Literary Titan’s Review of Wheeler

via LITERARY TITAN | Book Review

waka waka

I’m floored by this review. To be honest, I’ve never heard myself talked about that way. To have a stranger pick out what they feel is a strength of mine is a weird feeling. A good feeling, but weird.

And yes, they do go on about the Shakespeare, saying: “… readers who may not have realized the novel they were reading would have more Shakespeare than they had read since high school.”

I’m okay with that.

A little bit romance novel, a little bit suspenseful thriller, and a thorough introduction to the world of women’s cycling, Wheeler by Sara Butler Zalesky is an enjoyable and well-written story of a strong female protagonist battling both physical and emotional challenges. Spanning just a few months in professional cyclist Loren MacKenzie’s life, Wheeler is a whirlwind of a read. It begins in the heat of her cycling competition season when she meets handsome actor, Graham Atherton, roadside after a well-timed popped tire and follows their blossoming romance as well as Loren’s cycling competitions across Europe.

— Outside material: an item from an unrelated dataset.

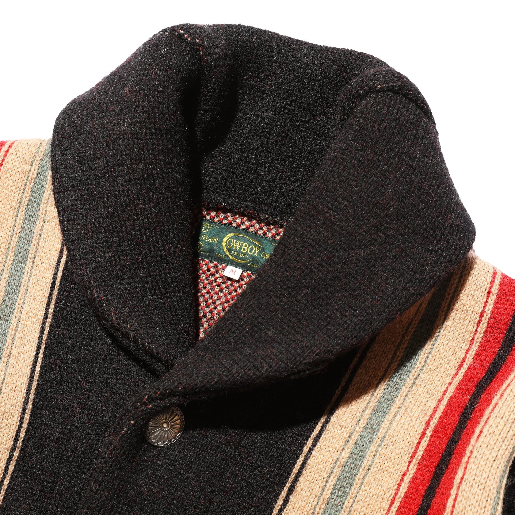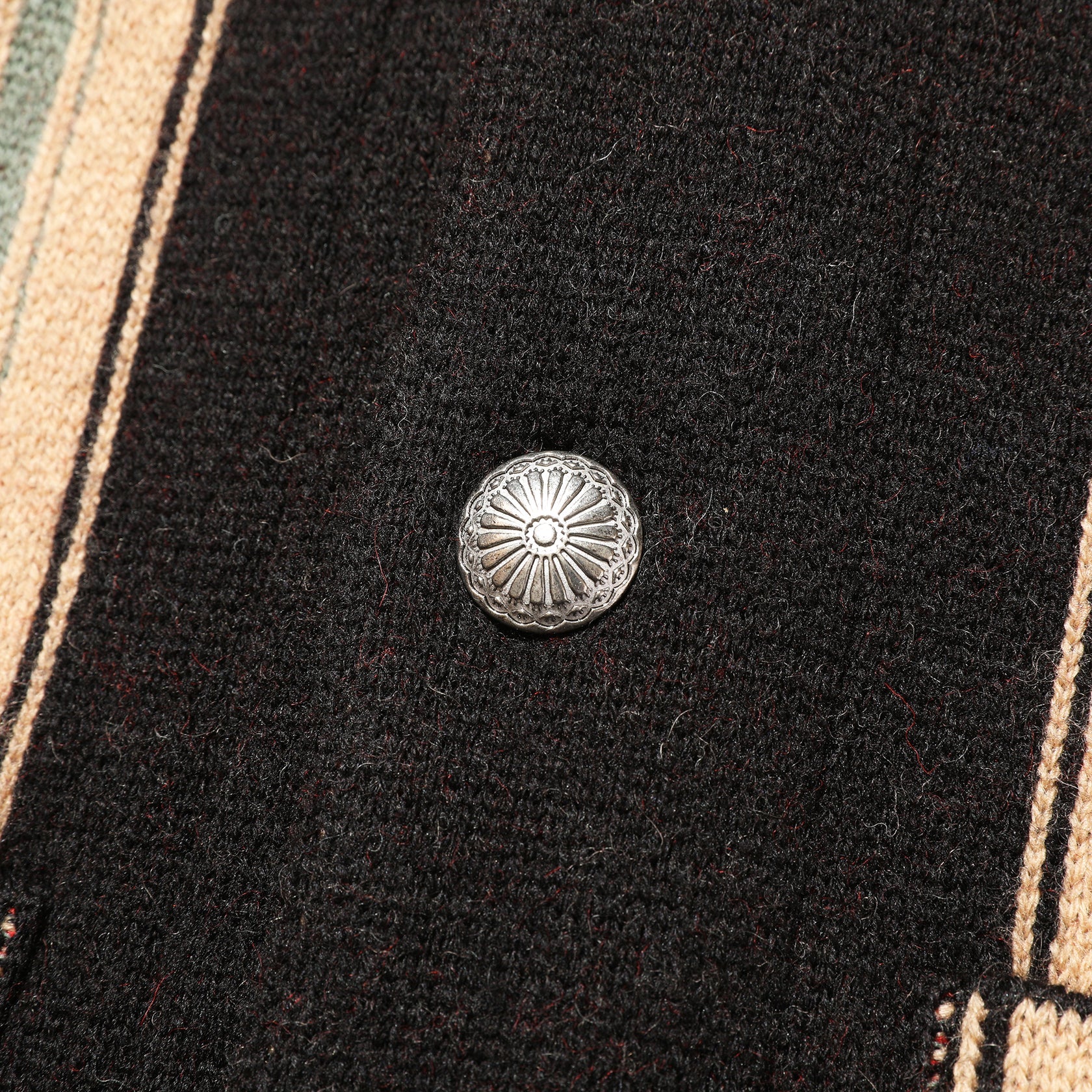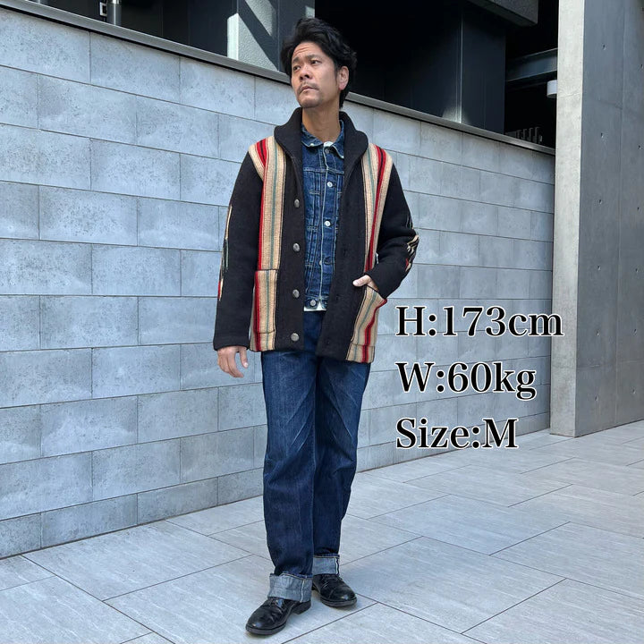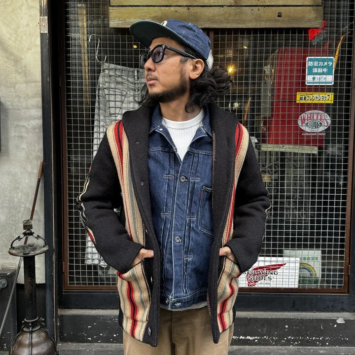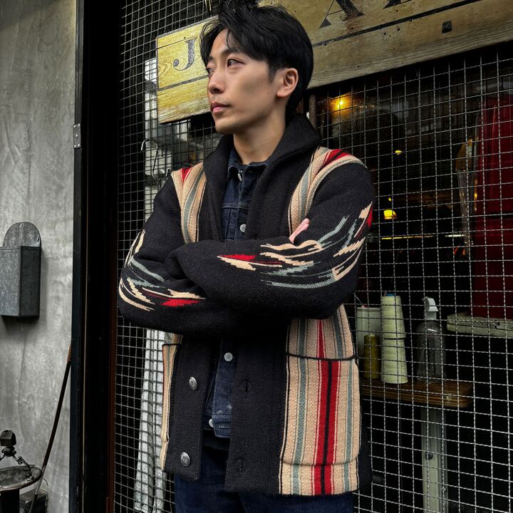 Introducing JELADO Lagna Black, inspired by the 2024 theme "SPROUT". This reissued LAGUNA knit cardigan features a bold Thunderbird design on the back and a multi-colored striped pattern on the front, enhanced with native-inspired metal buttons. Crafted with high-quality Merino wool and expertly woven, this heavy 5-gauge cardigan offers both style and comfort.
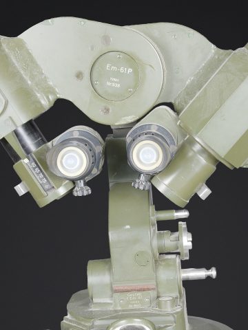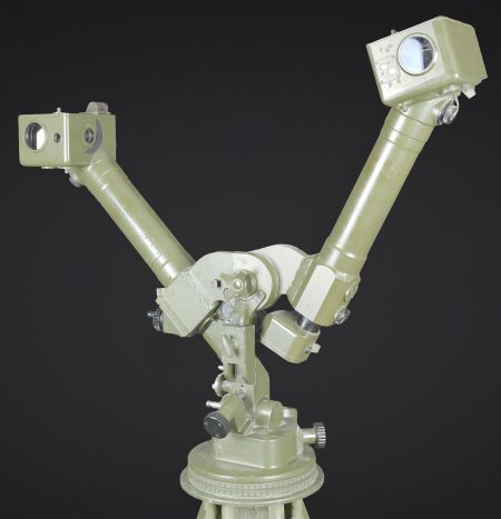 Télémètre EM-61. Premier télémètre stéréoscopique de la NVA. Système d’éclairage présent. Binoculaire en métal, support dorsal complet permettant de transporter l’optique.... en savoir plus

It’s not all easy riding for Graham and Loren though, as Zalesky weaves intricate relationships between Loren, her teammates, family, and a sinister former boyfriend who is dangerously obsessed with Loren.

Readers who are familiar with professional cycling will doubtless appreciate Zalesky’s attention to the sport, and even readers who have no prior knowledge will enjoy learning about the strategy, training, and teamwork involved in cycling. Zalesky expertly creates a believable and enthralling team dynamic, following Loren and her team through both victories and crashes. Crafting relatable characters and developing story lines over the course of the novel is one of Zalesky’s strengths. Though the first half of the story feels rather one-dimensional with clichéd characters (the hyper-driven female athlete; the handsome, Shakespeare-quoting actor; the jealous ex-boyfriend), Zalesky develops her characters so that by the second half of the story, each of these characters has a well-defined history and far exceeds expectations.